■ Assigned task
Leave out every line before the one that contains "关于召开2024年高校教育事业统计工作学习部署会的通知". Please restate that line and the rest of the data word for word, through the end.
++++ Supplied records ++++
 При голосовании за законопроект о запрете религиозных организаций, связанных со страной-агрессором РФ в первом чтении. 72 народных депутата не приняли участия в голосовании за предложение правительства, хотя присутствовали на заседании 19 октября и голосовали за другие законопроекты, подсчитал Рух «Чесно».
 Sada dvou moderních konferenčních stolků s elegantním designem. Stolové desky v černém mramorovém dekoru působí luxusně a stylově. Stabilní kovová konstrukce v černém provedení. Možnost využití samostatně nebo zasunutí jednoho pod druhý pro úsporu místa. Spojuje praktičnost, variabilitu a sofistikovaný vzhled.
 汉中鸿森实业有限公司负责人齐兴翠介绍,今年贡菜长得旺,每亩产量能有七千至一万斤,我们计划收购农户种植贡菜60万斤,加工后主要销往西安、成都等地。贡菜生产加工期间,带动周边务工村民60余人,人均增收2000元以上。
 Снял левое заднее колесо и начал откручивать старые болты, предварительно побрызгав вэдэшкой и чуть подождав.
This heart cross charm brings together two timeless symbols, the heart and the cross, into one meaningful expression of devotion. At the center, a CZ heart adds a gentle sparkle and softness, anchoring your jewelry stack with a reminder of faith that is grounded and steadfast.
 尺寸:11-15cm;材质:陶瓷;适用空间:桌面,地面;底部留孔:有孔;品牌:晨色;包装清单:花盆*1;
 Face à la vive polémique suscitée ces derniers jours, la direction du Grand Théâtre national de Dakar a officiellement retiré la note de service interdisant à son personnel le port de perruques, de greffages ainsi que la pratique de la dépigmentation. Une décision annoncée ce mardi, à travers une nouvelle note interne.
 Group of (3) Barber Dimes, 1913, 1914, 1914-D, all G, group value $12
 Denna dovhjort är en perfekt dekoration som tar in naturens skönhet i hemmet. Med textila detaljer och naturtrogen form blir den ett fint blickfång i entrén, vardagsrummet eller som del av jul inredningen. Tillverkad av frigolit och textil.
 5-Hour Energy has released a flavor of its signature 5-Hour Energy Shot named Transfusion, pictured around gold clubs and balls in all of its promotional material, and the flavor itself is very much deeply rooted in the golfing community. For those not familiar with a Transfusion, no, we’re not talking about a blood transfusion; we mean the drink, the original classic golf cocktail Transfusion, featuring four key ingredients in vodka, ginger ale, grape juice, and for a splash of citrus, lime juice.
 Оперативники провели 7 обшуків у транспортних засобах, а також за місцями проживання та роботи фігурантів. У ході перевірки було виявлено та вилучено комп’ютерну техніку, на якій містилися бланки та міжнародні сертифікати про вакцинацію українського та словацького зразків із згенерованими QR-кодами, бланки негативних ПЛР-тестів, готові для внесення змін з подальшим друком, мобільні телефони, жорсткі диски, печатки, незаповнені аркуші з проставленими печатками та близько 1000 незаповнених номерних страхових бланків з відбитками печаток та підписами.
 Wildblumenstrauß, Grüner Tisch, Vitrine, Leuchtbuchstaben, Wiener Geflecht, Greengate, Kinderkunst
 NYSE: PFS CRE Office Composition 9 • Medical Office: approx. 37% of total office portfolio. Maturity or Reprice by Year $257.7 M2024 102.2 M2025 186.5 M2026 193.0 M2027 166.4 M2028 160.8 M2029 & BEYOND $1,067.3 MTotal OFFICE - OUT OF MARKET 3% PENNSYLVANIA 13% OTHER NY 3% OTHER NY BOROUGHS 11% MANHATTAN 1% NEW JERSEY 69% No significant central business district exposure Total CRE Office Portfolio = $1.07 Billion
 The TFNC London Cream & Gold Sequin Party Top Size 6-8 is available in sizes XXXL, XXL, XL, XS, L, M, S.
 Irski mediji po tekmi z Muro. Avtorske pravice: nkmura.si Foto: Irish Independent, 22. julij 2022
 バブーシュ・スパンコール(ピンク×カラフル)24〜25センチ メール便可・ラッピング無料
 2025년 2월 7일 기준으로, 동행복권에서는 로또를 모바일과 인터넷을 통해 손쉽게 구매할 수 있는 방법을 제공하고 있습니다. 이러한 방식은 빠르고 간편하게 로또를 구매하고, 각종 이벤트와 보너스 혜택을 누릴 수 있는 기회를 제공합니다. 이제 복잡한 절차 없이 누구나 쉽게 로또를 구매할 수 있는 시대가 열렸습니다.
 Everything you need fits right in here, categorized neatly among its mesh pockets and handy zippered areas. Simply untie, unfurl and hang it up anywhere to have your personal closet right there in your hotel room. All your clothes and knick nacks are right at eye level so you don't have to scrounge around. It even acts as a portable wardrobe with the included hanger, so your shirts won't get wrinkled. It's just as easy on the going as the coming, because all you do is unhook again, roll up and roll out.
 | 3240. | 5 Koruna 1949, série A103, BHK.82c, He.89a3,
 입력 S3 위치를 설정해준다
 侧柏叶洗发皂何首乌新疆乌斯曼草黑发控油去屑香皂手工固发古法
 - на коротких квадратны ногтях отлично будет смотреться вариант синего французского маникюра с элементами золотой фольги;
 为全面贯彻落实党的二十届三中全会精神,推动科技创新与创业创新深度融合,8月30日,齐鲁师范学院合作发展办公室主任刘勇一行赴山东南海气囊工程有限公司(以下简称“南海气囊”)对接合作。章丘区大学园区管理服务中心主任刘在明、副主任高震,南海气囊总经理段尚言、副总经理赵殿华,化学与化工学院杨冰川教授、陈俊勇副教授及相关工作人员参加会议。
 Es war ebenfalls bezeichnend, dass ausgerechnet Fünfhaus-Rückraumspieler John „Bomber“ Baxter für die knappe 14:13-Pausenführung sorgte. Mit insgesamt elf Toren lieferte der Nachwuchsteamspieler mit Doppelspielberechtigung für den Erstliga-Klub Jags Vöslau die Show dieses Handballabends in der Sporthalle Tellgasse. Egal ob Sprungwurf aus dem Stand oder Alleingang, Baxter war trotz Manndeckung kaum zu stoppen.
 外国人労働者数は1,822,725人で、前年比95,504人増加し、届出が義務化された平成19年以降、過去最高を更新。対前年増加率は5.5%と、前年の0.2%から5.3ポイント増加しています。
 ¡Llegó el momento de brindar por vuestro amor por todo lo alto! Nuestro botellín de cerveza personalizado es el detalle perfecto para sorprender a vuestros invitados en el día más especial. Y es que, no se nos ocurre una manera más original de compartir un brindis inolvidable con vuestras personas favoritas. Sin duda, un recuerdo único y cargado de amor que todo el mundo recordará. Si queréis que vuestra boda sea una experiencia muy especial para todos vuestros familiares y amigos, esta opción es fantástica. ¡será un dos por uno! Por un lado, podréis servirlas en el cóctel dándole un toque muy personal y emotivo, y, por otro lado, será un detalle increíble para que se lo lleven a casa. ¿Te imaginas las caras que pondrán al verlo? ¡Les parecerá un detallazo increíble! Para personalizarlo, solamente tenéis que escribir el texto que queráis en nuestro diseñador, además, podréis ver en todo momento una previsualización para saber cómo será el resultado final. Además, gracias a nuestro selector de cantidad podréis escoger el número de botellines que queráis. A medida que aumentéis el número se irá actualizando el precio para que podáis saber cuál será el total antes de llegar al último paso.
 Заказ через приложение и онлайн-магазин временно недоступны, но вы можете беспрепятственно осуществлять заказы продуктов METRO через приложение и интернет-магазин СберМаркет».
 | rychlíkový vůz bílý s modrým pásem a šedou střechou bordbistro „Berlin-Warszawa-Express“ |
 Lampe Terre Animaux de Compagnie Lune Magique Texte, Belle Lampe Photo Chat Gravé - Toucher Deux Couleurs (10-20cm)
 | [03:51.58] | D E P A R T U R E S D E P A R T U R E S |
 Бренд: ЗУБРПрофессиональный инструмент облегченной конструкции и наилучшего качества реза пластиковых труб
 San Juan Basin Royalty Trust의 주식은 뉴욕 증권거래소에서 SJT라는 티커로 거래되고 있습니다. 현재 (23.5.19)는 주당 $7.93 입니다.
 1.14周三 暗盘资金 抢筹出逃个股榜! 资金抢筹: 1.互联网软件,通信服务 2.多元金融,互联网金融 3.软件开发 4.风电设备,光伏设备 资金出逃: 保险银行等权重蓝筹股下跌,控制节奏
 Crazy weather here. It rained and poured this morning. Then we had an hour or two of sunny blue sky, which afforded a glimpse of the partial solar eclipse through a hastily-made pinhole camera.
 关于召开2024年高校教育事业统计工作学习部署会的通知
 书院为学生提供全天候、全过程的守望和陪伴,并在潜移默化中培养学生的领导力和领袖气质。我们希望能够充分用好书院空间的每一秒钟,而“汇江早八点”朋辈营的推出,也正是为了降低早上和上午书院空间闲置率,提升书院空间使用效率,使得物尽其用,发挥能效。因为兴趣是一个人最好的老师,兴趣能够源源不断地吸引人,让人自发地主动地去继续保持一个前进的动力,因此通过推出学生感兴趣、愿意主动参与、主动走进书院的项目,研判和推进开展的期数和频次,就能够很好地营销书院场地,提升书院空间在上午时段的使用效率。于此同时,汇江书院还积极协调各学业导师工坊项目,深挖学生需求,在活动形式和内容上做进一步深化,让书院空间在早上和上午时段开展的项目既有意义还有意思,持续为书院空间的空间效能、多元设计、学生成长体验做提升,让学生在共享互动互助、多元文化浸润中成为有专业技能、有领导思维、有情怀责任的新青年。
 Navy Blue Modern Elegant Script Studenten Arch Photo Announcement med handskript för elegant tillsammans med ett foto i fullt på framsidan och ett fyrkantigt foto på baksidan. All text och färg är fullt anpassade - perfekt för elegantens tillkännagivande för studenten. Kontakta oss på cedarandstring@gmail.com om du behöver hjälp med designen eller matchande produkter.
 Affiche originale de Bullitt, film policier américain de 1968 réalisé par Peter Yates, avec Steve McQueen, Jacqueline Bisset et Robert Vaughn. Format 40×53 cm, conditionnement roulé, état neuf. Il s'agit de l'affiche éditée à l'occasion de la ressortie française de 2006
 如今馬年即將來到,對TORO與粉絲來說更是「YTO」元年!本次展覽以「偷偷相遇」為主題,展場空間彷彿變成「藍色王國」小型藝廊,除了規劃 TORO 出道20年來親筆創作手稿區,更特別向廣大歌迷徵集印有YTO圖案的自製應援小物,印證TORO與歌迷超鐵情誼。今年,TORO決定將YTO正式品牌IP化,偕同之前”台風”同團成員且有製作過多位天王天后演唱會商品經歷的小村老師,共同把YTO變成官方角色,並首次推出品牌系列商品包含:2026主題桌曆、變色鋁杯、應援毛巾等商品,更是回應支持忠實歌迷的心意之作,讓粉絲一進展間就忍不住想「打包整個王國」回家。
++++
■ Exercise answer
 关于召开2024年高校教育事业统计工作学习部署会的通知
 书院为学生提供全天候、全过程的守望和陪伴,并在潜移默化中培养学生的领导力和领袖气质。我们希望能够充分用好书院空间的每一秒钟,而“汇江早八点”朋辈营的推出,也正是为了降低早上和上午书院空间闲置率,提升书院空间使用效率,使得物尽其用,发挥能效。因为兴趣是一个人最好的老师,兴趣能够源源不断地吸引人,让人自发地主动地去继续保持一个前进的动力,因此通过推出学生感兴趣、愿意主动参与、主动走进书院的项目,研判和推进开展的期数和频次,就能够很好地营销书院场地,提升书院空间在上午时段的使用效率。于此同时,汇江书院还积极协调各学业导师工坊项目,深挖学生需求,在活动形式和内容上做进一步深化,让书院空间在早上和上午时段开展的项目既有意义还有意思,持续为书院空间的空间效能、多元设计、学生成长体验做提升,让学生在共享互动互助、多元文化浸润中成为有专业技能、有领导思维、有情怀责任的新青年。
 Navy Blue Modern Elegant Script Studenten Arch Photo Announcement med handskript för elegant tillsammans med ett foto i fullt på framsidan och ett fyrkantigt foto på baksidan. All text och färg är fullt anpassade - perfekt för elegantens tillkännagivande för studenten. Kontakta oss på cedarandstring@gmail.com om du behöver hjälp med designen eller matchande produkter.
 Affiche originale de Bullitt, film policier américain de 1968 réalisé par Peter Yates, avec Steve McQueen, Jacqueline Bisset et Robert Vaughn. Format 40×53 cm, conditionnement roulé, état neuf. Il s'agit de l'affiche éditée à l'occasion de la ressortie française de 2006
 如今馬年即將來到,對TORO與粉絲來說更是「YTO」元年!本次展覽以「偷偷相遇」為主題,展場空間彷彿變成「藍色王國」小型藝廊,除了規劃 TORO 出道20年來親筆創作手稿區,更特別向廣大歌迷徵集印有YTO圖案的自製應援小物,印證TORO與歌迷超鐵情誼。今年,TORO決定將YTO正式品牌IP化,偕同之前”台風”同團成員且有製作過多位天王天后演唱會商品經歷的小村老師,共同把YTO變成官方角色,並首次推出品牌系列商品包含:2026主題桌曆、變色鋁杯、應援毛巾等商品,更是回應支持忠實歌迷的心意之作,讓粉絲一進展間就忍不住想「打包整個王國」回家。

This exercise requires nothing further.